7 Serious Money Mistakes OFWs Make

Most OFWs leave the country to find greener pastures – to build a better future for themselves and their families. The underlying assumption is that being an overseas means you earn a lot, you will send money back home and become rich. In some cases, this is true.

Unfortunately, in most cases, this isn’t true. For many OFWs, instead of being able to save and invest money, they encounter critical problems which stems from poor financial management.

Why are there OFWs that work so long and hard abroad and yet they end up coming home broke? BAD MONEY HABITS.

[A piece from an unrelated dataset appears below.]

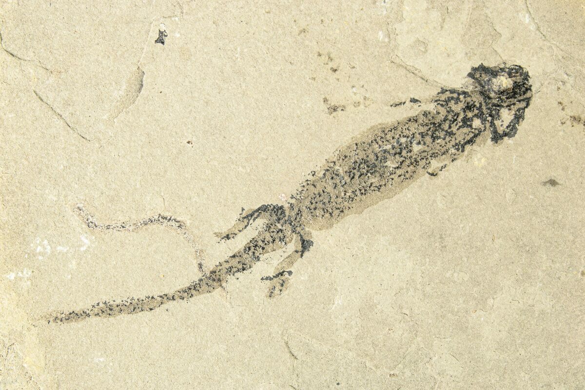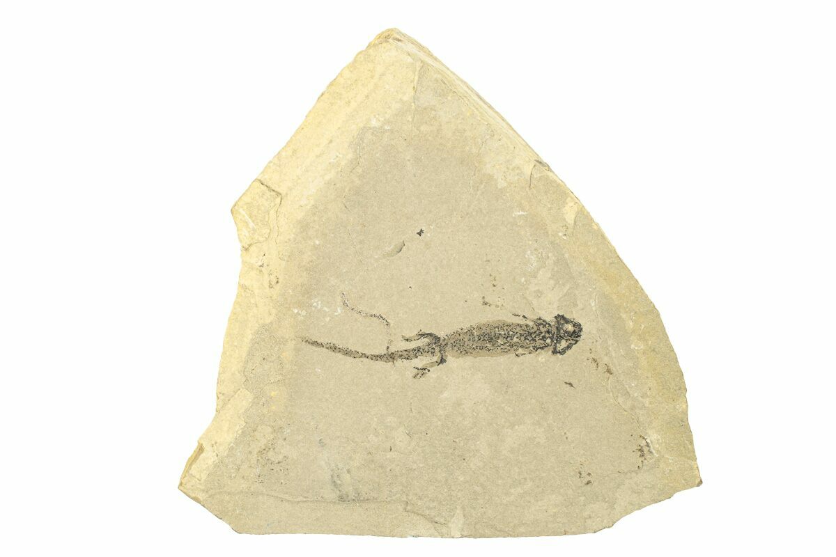 This is a 2.25" fossil of Sclerocephalus, a primitive amphibian during the Permian period, some 280 million years ago. It has remarkable soft-bodied preservation. A coat of sealant has been applied over the top of it, as it's preserved in a delicate, carbon film.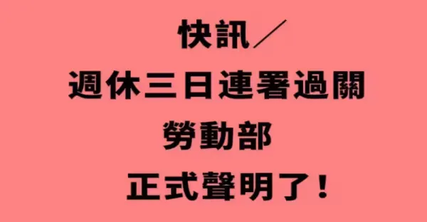 快訊/周休三日連署過關, 勞動部正式聲明了

In this article, we will talk about some of the worst money habits most of us develop. And then I offer a brief solution.

1. Many do not know how to handle and manage money.

According to a survey by Standard & Poor, only 25% of Filipino adults are financially literate. What does financial literacy mean anyways?  Financial literacy pertains to the basics of handling money wisely and intelligently.

Of course, other than the ‘piggy bank’ strategy, most Filipinos never learned anything about personal finance in school like the importance of saving, thrift values, and basic investing.


Read and learn everything there is to learn about managing your personal finance. Most importantly, ACTIVELY APPLY what you learn. Learning how to do stuff, but not doing the stuff you learn is basically USELESS.

Invest in a good finance book that will teach you how to manage your finances. You can also read the tips and advice of some Filipino financial gurus which are often for free. By being financially literate, you also become informed on how to identify and avoid quick-rich-money-scams or questionable investments.

2. They make incurring debt a habit.

There are instances when a Filipino is left with no other choice but to go abroad and work because of too much debt incurred back home. Before they even started getting their first paycheck, they are already have a lot of debts.

The first few or several paychecks will, of course, be consumed to pay off the debts incurred back home.

In some more undesirable cases, the idea that a family member has already gone to work abroad prompts some families to splurge even before receiving money from their family member working abroad. What do I mean by this? There are cases when OFWs (and their families) feel that they have the power to purchase the things they have wanted for so long. They start borrowing money just to buy stuff that bring instant gratification like furniture, appliances, computers and electronic gadgets with the premise that their soon-to-be-OFW will be earning a lot money and will be able to pay it at some point.


Borrow money only and only when it is necessary and important. Don’t borrow money to buy luxuries (things you don’t need). Moreover, do not borrow money just to pay off another debt. You will fall in the cycle of debt. Follow and practice this mantra with your family: If you don’t have any money, you should not buy anything. OR, you should not buy or spend on things when you don’t have the money.

3. Many fall for the evils of impulse buying and reckless spending.

Earning dollars (or any first-world currency, for that matter) increases our purchasing power at home.  With that, more and more of our “kababayans” get overwhelmed easily and start recklessly spending.

They begin to have this impulsive urge to display their earnings whether in the form shiny gadgets like smartphones and computers, new cars, house and lot. They lavishly give cash or send balikbayan boxes to their family/relatives filled with imported chocolates, canned goods, apparel, and other items bought by overseas workers during their stay there.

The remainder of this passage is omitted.